• [Given data]:
┄┄┄┄┄┄

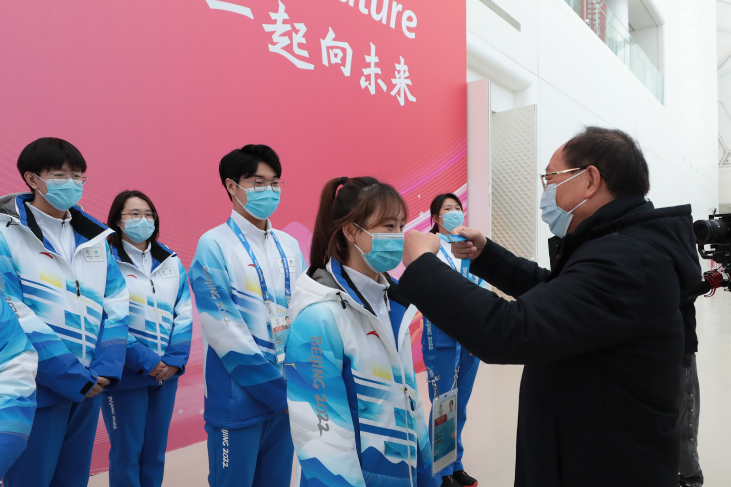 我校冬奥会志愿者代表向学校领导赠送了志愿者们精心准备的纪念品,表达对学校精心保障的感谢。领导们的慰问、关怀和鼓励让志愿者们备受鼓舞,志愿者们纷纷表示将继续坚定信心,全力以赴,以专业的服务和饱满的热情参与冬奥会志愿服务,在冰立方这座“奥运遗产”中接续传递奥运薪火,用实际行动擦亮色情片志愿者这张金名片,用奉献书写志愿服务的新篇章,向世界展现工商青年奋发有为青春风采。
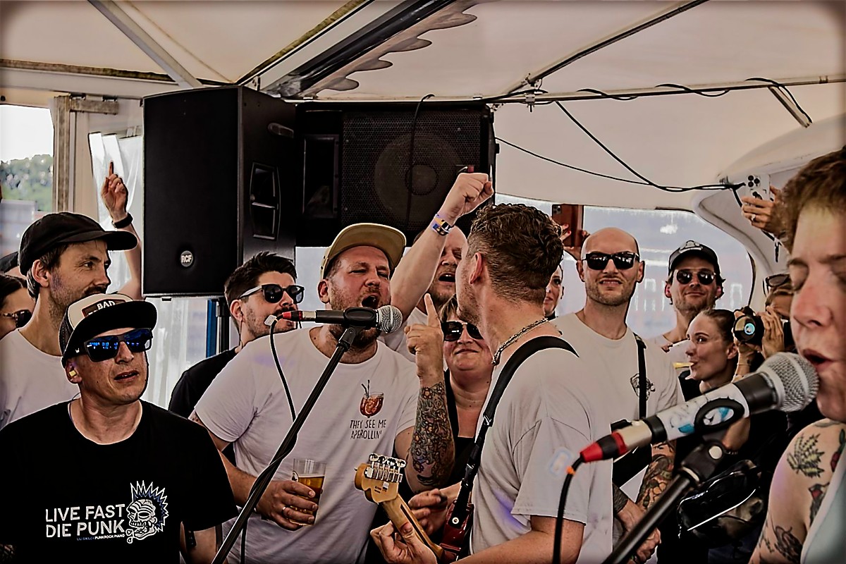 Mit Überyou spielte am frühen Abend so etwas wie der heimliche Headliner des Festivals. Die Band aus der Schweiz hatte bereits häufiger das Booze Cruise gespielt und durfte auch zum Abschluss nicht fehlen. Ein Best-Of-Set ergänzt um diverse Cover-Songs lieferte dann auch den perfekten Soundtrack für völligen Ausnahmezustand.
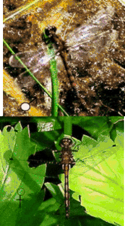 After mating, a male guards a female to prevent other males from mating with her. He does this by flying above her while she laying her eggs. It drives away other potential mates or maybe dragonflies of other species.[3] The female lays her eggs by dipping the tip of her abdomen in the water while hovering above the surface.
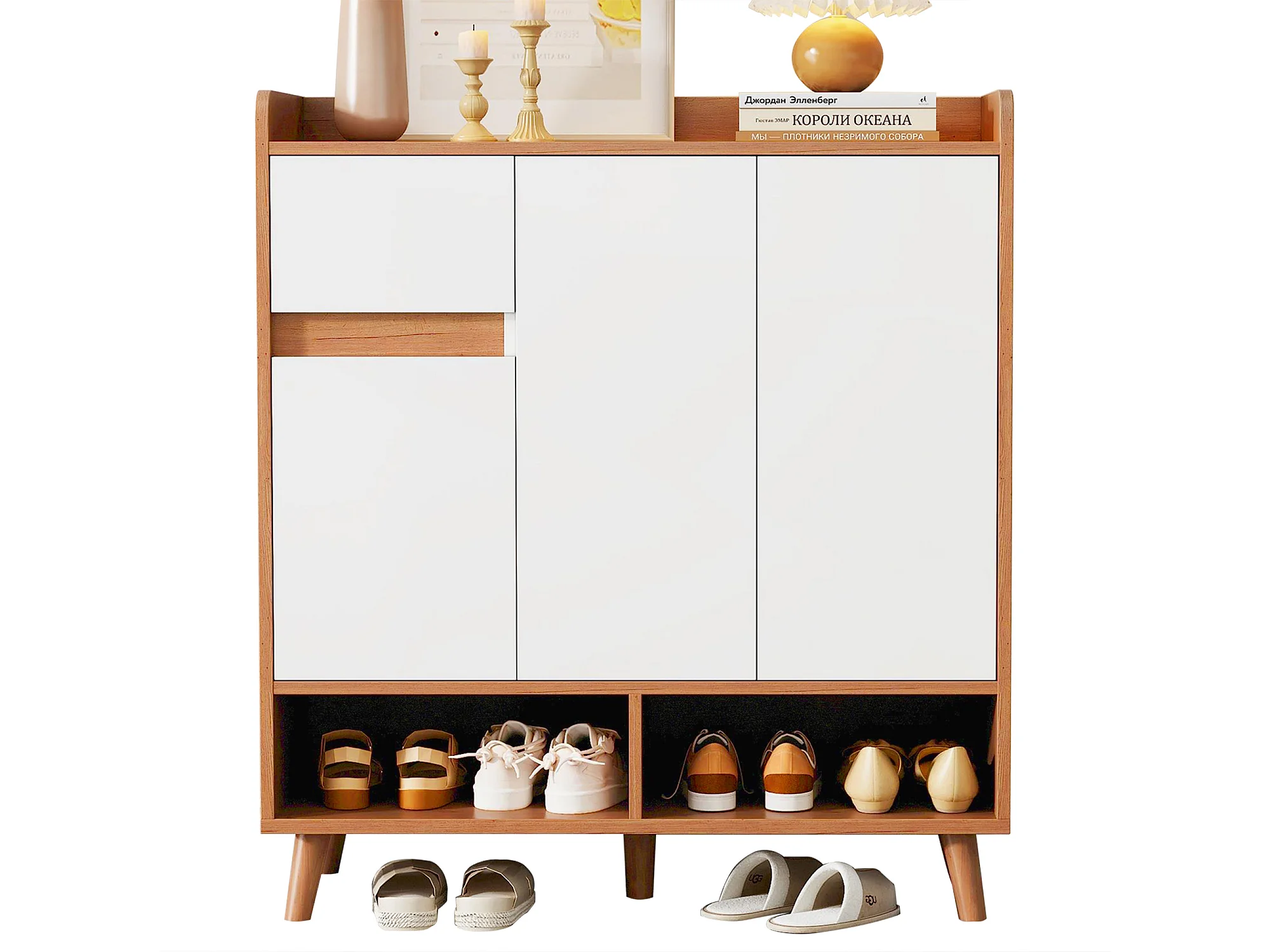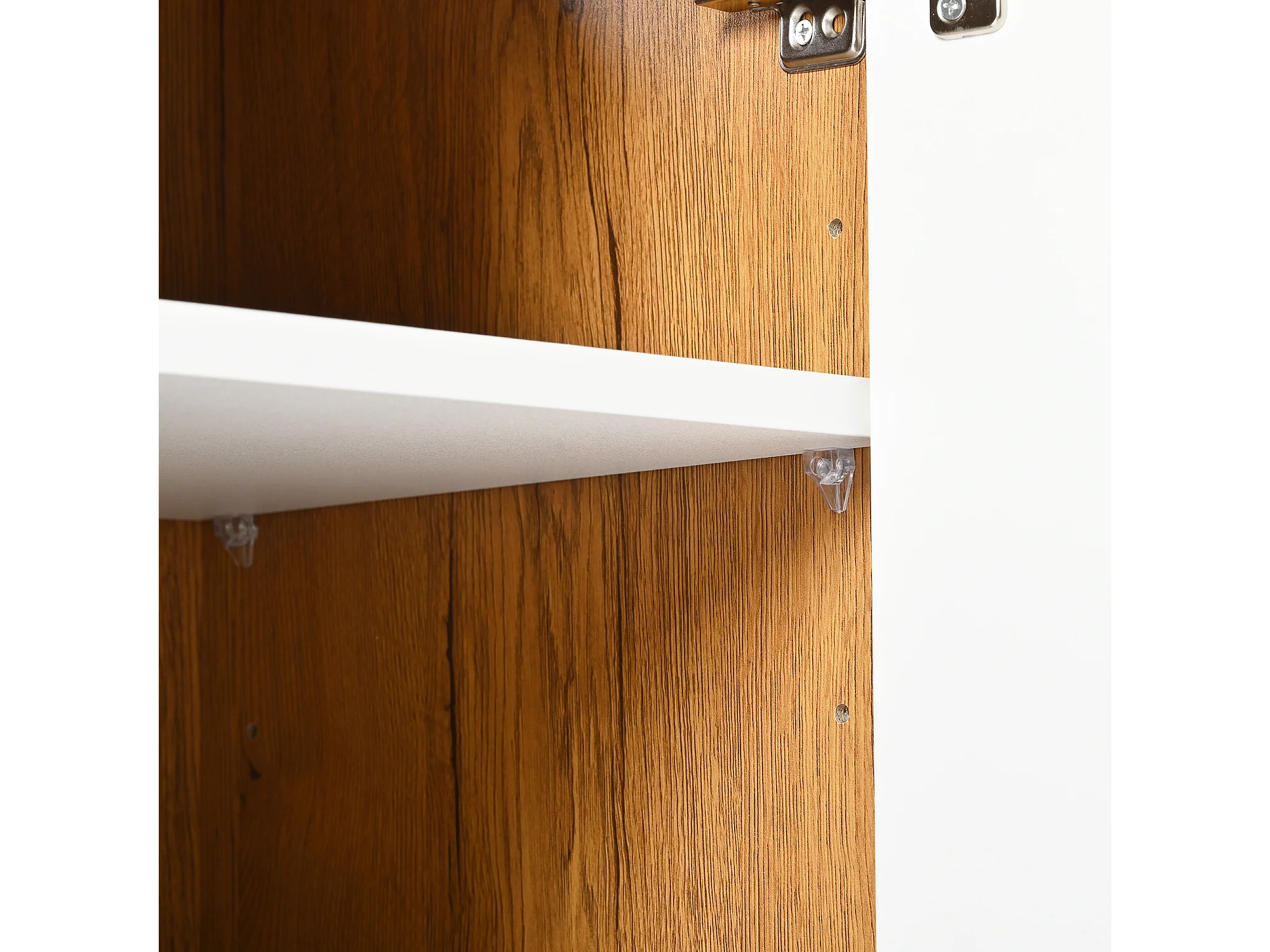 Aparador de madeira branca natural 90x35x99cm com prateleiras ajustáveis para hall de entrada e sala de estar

┄┄┄┄┄┄

• [What the exercise asks]: What you return must match the material above exactly, apart from its pictures.

• [Written reply]:
 我校冬奥会志愿者代表向学校领导赠送了志愿者们精心准备的纪念品,表达对学校精心保障的感谢。领导们的慰问、关怀和鼓励让志愿者们备受鼓舞,志愿者们纷纷表示将继续坚定信心,全力以赴,以专业的服务和饱满的热情参与冬奥会志愿服务,在冰立方这座“奥运遗产”中接续传递奥运薪火,用实际行动擦亮色情片志愿者这张金名片,用奉献书写志愿服务的新篇章,向世界展现工商青年奋发有为青春风采。
 Mit Überyou spielte am frühen Abend so etwas wie der heimliche Headliner des Festivals. Die Band aus der Schweiz hatte bereits häufiger das Booze Cruise gespielt und durfte auch zum Abschluss nicht fehlen. Ein Best-Of-Set ergänzt um diverse Cover-Songs lieferte dann auch den perfekten Soundtrack für völligen Ausnahmezustand.
 After mating, a male guards a female to prevent other males from mating with her. He does this by flying above her while she laying her eggs. It drives away other potential mates or maybe dragonflies of other species.[3] The female lays her eggs by dipping the tip of her abdomen in the water while hovering above the surface.
 Aparador de madeira branca natural 90x35x99cm com prateleiras ajustáveis para hall de entrada e sala de estar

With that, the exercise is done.